I have a common sense answer (it’s going to make the situation worse), but I could be wrong and nobody seems to be addressing this.

Reply to this comment

By Moses Pippen (SF/CA/94131)
on January 27th, 2014

Here in California, it’s been hot and dry. I heard that the high-pressure system which has been keeping California dry has been contributing to the freezing temperatures in the eastern U.S.

Everyone is hoping that the high-pressure system will break soon.

Reply to this comment

By Eric Peterson (Front Royal, VA 22630)
on January 28th, 2014

“Ultimately, the distinction between the upper level vortex and its lower level reflections is of interest mainly to meteorologists, “

Sure, but thanks for explaining it to the rest of us anyway.  It is good to know the details.

“If it’s so cold in the southern part of North America because the cold air is there and not in the Arctic, meaning it’s warmer than it should be in the Arctic, what does this mean for sea ice formation in the Arctic Ocean?”

Don’t know, but the redistribution of heat to the Arctic in winter supports cooling.  That is because the normally cold Arctic does not radiate much heat to space.  When it is warmer it radiates more.  Very simply: with this pattern the planet cools.

Reply to this comment

By kermit
on January 30th, 2014

But with a cooler than normal midwestern and eastern North America, that area is radiating less.
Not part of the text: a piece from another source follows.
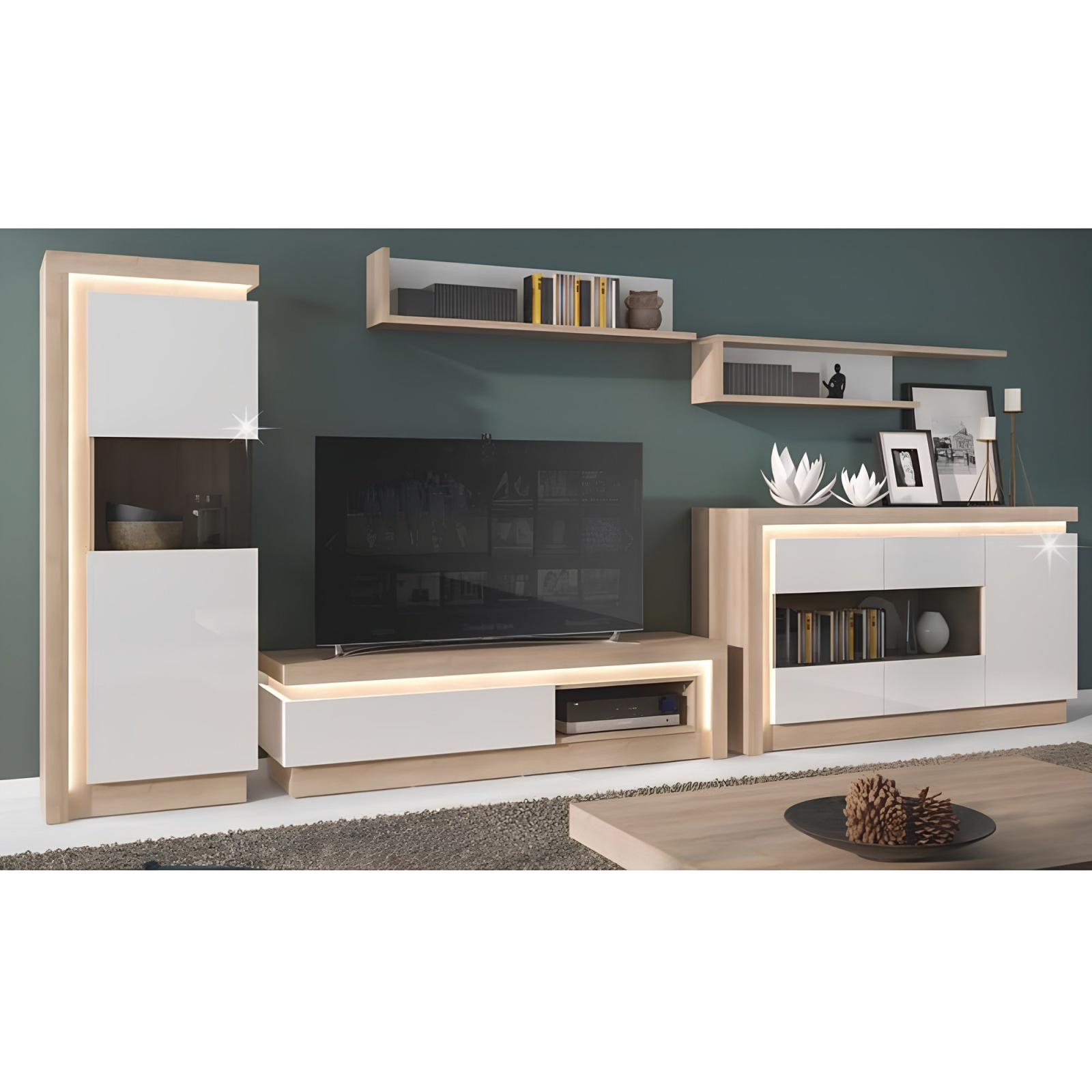 Vitrină LYOV01L din setul modular LEONARDO în culoare stejar riviera/alb cu luciu extra ridicat Dimensiuni (LxGxÎ): 60x42x164 cm Grosimea materialului: 16 mm Sistem de oprire silenţioasă a uşilor Iluminarea LED din jurul perimetrului este inclusă Livrat nemontat

Is the lower loss of heat from the lower 48 matched, surpassed, or not matched by the more heat radiated off in the Arctic? Seems like less sea ice would mean a lower albedo in the Arctic, contributing to increased absorption of solar radiation.

Reply to this comment

By Eric Peterson (Front Royal, VA 22630)
on January 31st, 2014

kermit, there is no solar radiation in winter in the Arctic.

You are correct that it is not simple.  The trillion dollar question is how does the heat engine with all its complexities respond to more heat,  Is there more meridional flow and heat loss?  The other meridional flow factor is ocean currents which is driven by different dynamics.

Reply to this comment

By Mati
on January 29th, 2014

¿What kind of projection is th 2nd figure? ¿with 2 poles on the circle? ¿is that correct?

Reply to this comment

By Brandon Hardesty (Bensalem, PA 19020)
on January 29th, 2014

I found this forum that has many articles outlining why climate change is happening. It is a virtual encyclopedia about what we are doing to our planet and how we can change it:  http://www.barkforum.com

Reply to this comment

By Katherine Cooper (Xenia/Ohio)
on February 10th, 2014

As of today, 10 February 2014, we are in the midst of what our meteorologists are calling an arctic cold blast. Is this the return of the polar vortex? If so, how many times will this event revisit us?